Statewide Loan Repayment Assistance Program Accepting Applications Until Oct. 15

PA Bar Foundation logoOn September 1, the statewide Loan Repayment Assistance Program (LRAP) began its 13th year of helping lawyers employed at civil legal services organizations funded by Pennsylvania Interest on Lawyers Trust Accounts (PA IOLTA) better manage their undergraduate and law school debt. Lawyers employed at these organizations provide free legal assistance to Pennsylvania’s poor and disadvantaged.

Eligible lawyers will have until Oct. 15 to submit their online applications for loan assistance at www.paioltagrants.org.

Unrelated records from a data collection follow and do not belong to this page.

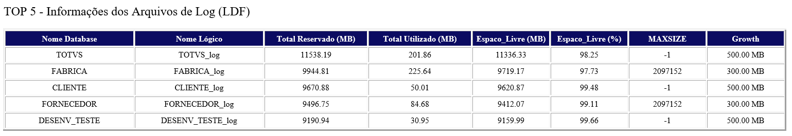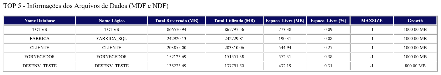 3. Informações sobre os arquivos MDF. É possível ver se ele já está no limite de crescimento e pode causar uma parada do banco de dados.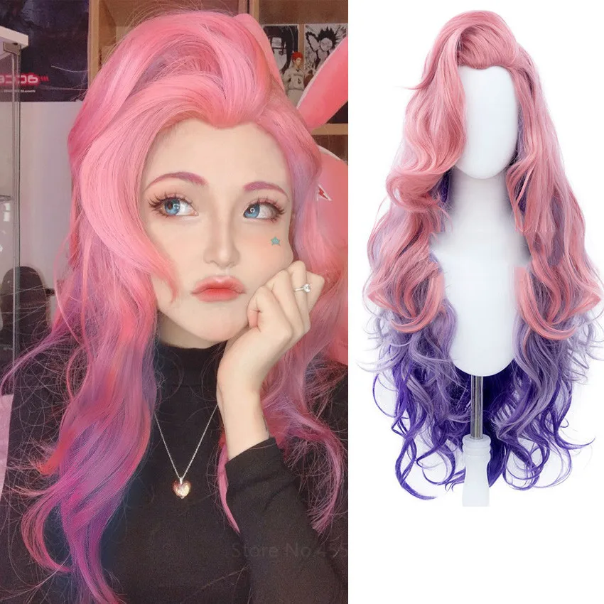 Игровой Серафин розовый фиолетовый градиент Волнистые Длинные Косплей термостойкие синтетические волосы реквизиты карнавальные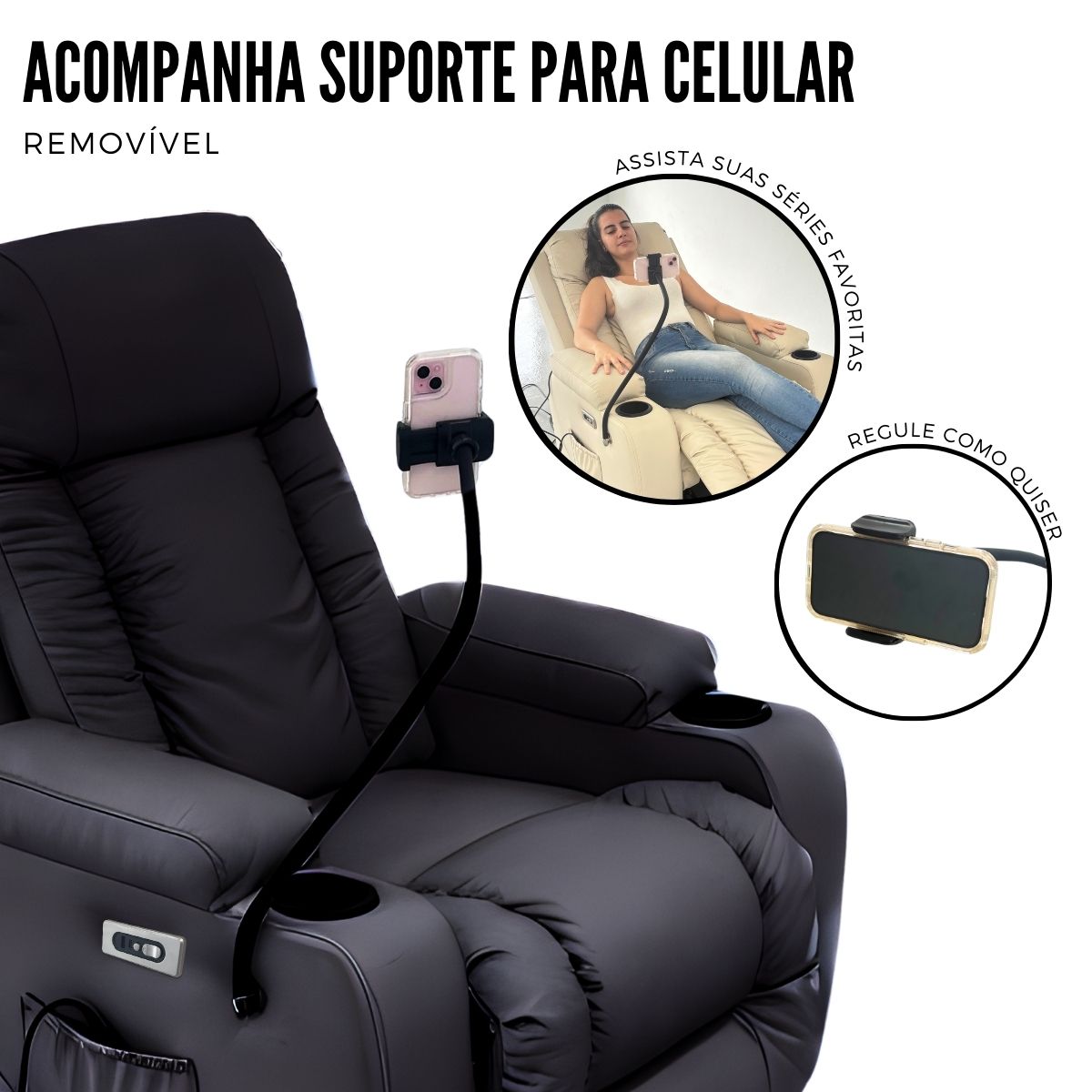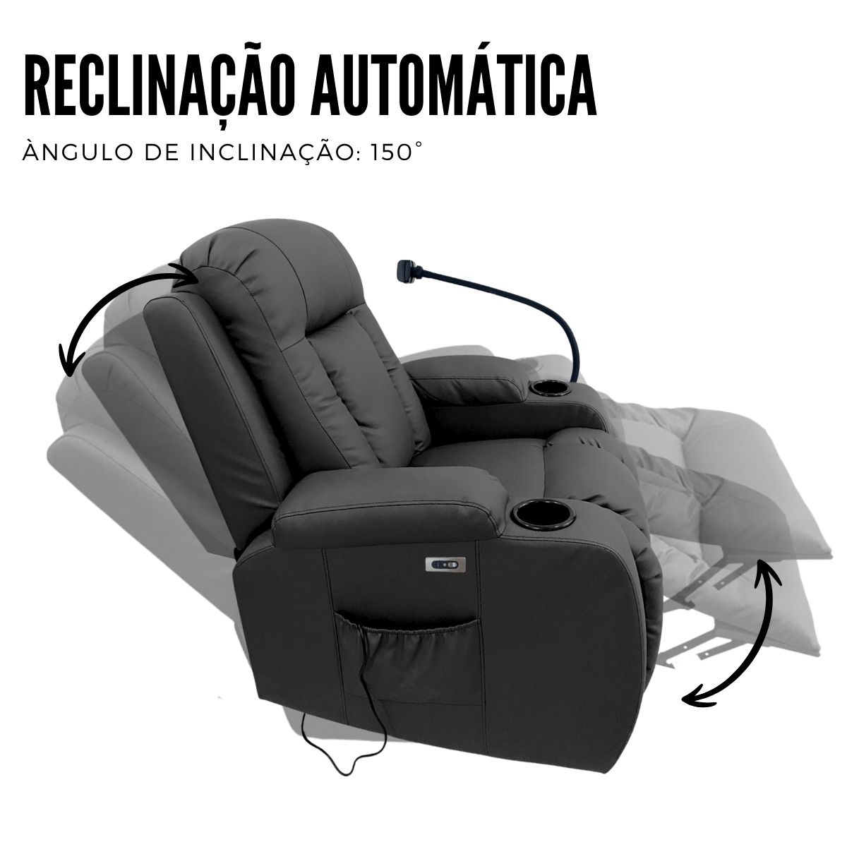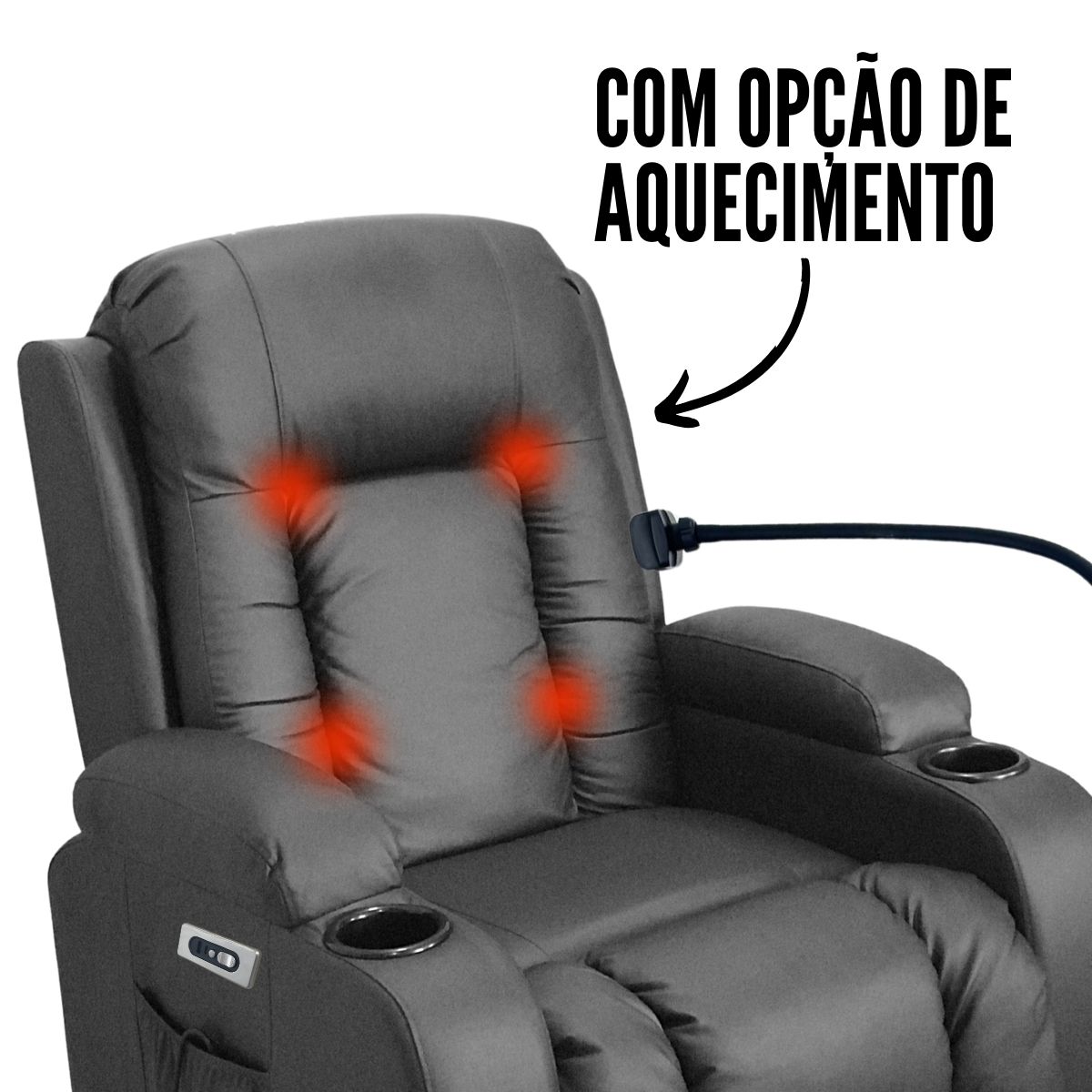 A Poltrona Reclinável Massagem/Aquecimento Suporte Celular Preto

Since its launch in 2010, the PA IOLTA Loan Repayment Assistance Program has awarded more than 1,000 loans valued at approximately $3.8 million to more than 300 lawyers employed by IOLTA-funded civil legal services organizations located across Pennsylvania.

LRAP provides for one-year loans, payable quarterly to qualified lawyers with a 12-month employment requirement at an IOLTA-funded organization. The amount of loan repayment assistance provided is determined by the number of eligible applicants and the amount of funding available.

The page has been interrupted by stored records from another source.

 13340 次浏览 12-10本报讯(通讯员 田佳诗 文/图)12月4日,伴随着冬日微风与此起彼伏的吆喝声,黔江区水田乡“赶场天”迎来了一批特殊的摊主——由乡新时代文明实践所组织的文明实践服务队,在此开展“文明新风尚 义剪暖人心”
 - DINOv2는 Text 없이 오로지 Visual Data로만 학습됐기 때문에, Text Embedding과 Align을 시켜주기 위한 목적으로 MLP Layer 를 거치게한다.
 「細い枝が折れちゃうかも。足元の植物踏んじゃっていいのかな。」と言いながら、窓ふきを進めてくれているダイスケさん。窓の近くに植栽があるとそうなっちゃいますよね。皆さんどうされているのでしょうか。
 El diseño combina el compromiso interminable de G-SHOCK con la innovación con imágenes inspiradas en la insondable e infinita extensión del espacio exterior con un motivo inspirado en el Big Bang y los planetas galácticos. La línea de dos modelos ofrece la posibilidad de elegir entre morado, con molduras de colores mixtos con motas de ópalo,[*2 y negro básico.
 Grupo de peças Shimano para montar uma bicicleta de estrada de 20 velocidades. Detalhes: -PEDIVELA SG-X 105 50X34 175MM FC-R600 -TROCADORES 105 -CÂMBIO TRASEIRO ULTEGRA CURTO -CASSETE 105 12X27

Provided a participating lawyer remains in qualified employment and continues to meet the program’s other eligibility requirements, the lawyer can apply for and receive up to 10, one-year loans over his/her tenure. LRAP loans must be used to repay loans incurred for undergraduate and law school educational costs and are forgiven at the end of each year if eligibility requirements are met.

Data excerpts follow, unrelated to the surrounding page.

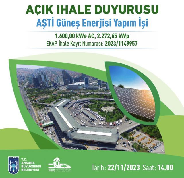 Ankara Büyükşehir Belediyesi (ABB), "BUGSAŞ AŞTİ Güneş Enerjisi Yapım İşi" başlıklı ihale duyurusu yaptı. İhale duyurusu (EKAP İhale Kayıt Numarası: 2023/1149957) ayrıntılarını aşağıda okuyabilirsiniz.
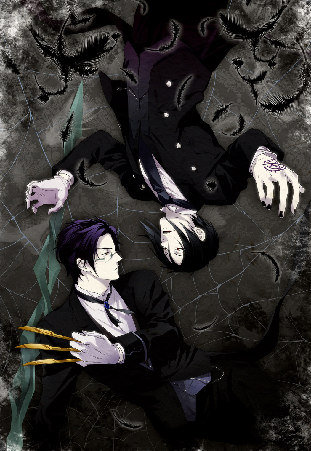 Description: Two people in suits and ties are laying on the ground with their hands in the air and one person holding a knife.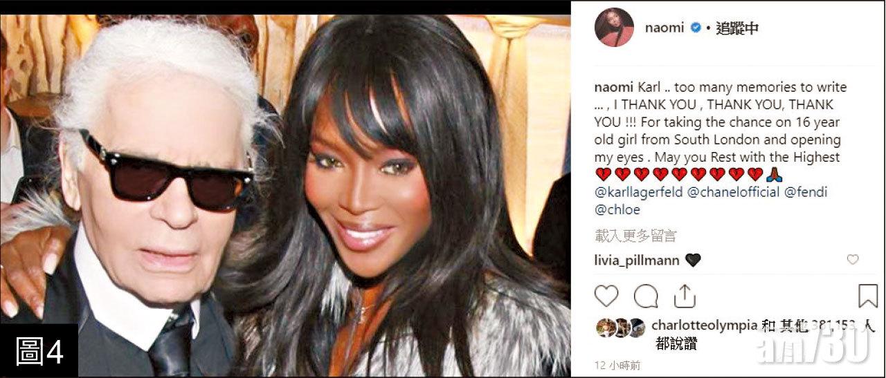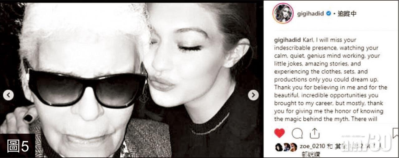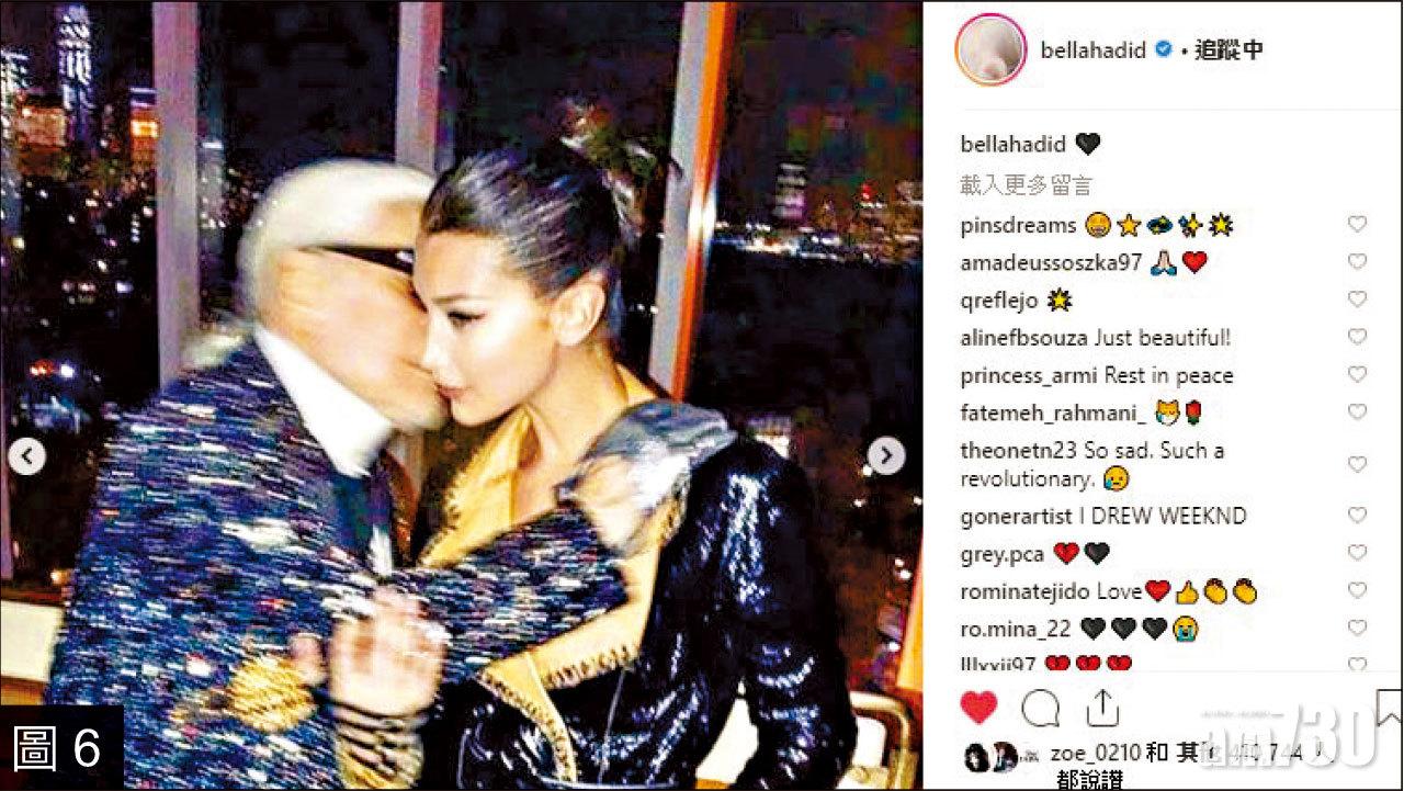 另外,不同年代的超模分別在社交網發表與Karl的合照追悼,黑珍珠Naomi campbell(圖4)、Gigi Hadid(圖5)、Bella Hadid(圖6)都分別PO出多張曾與Karl工作時的合照,尤其是Hadid兩姐妹花跟Karl的貼面啜啜相,更令人懷念。
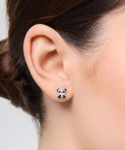 Dětské stříbrné náušnice PANDA sladké se smaltem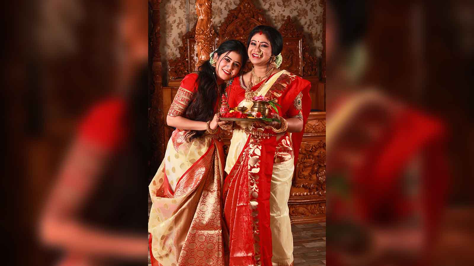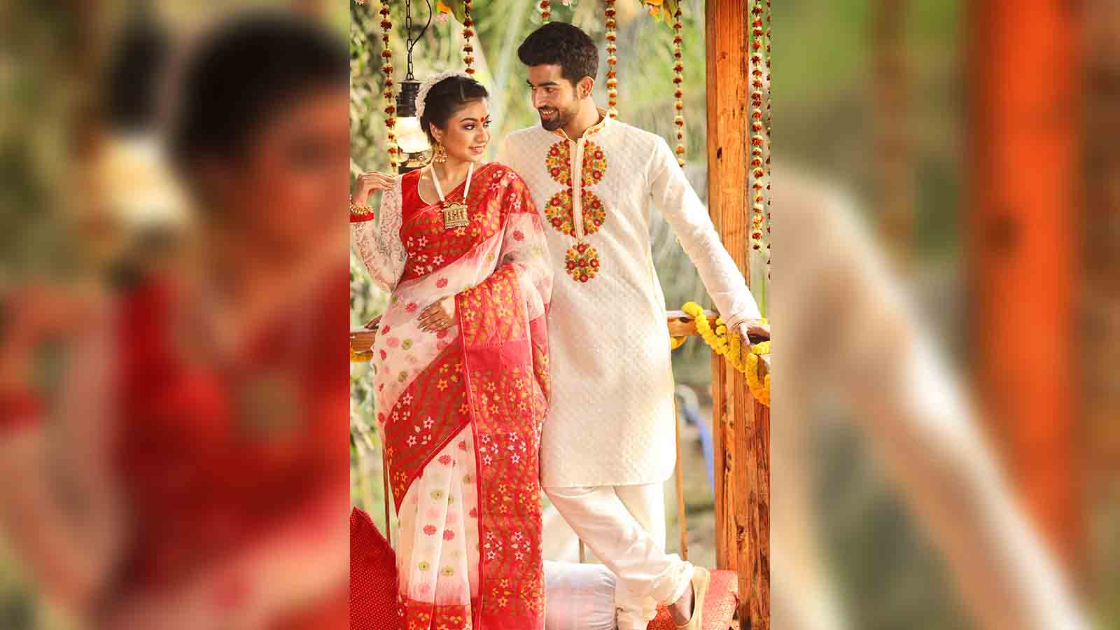 শরতের নীল আকাশের নীচে জুটিতে প্যান্ডেল হপিং? তাহলে আপনারা দুটিতে সাজতেই পারেন তাল মিলিয়ে। লাল সাদা জামদানি-র সাথে লক্ষ্ণৌ চিকনের ফুল স্লীভ ব্লাউজ এনেছে আলাদা ডাইমেনশন। আপনার ভালোবাসার মানুষটিকে সাজেস্ট করুন সেল্ফ ওয়ার্ক ও এমব্রয়ডারি করা সাদা পঞ্জাবি। মিস্টি লুকে আপনারা যেন মেড ফর ইচ আদার!

LRAP is administered by the Pennsylvania Bar Foundation and the Pennsylvania PA IOLTA Board. It is a collaboration of the Pennsylvania Bar Foundation, the Pennsylvania Bar Association, the PA IOLTA Board and the Supreme Court of Pennsylvania.

In 2006, the PBA Task Force on Student Loan Forgiveness and Repayment Assistance advocated for the establishment of a statewide LRAP. The IOLTA Board recommended to the Supreme Court of Pennsylvania that pro hac vice fees (the admission fee charged to out-of-state lawyers seeking to enter an appearance in a Pennsylvania case) serve as the revenue source to support the program.

The Supreme Court of Pennsylvania ordered the establishment of the pro hac vice fee in Pennsylvania and dedicated the revenue to support LRAP. The Supreme Court later increased the support by doubling the pro hac vice fee from $100 to $200. In May 2015, then-Chief Justice Thomas G. Saylor and the court reaffirmed the court’s commitment to lawyers providing civil legal services by increasing Pennsylvania’s pro hac vice fee to $375, an amount still less than that charged by many other states.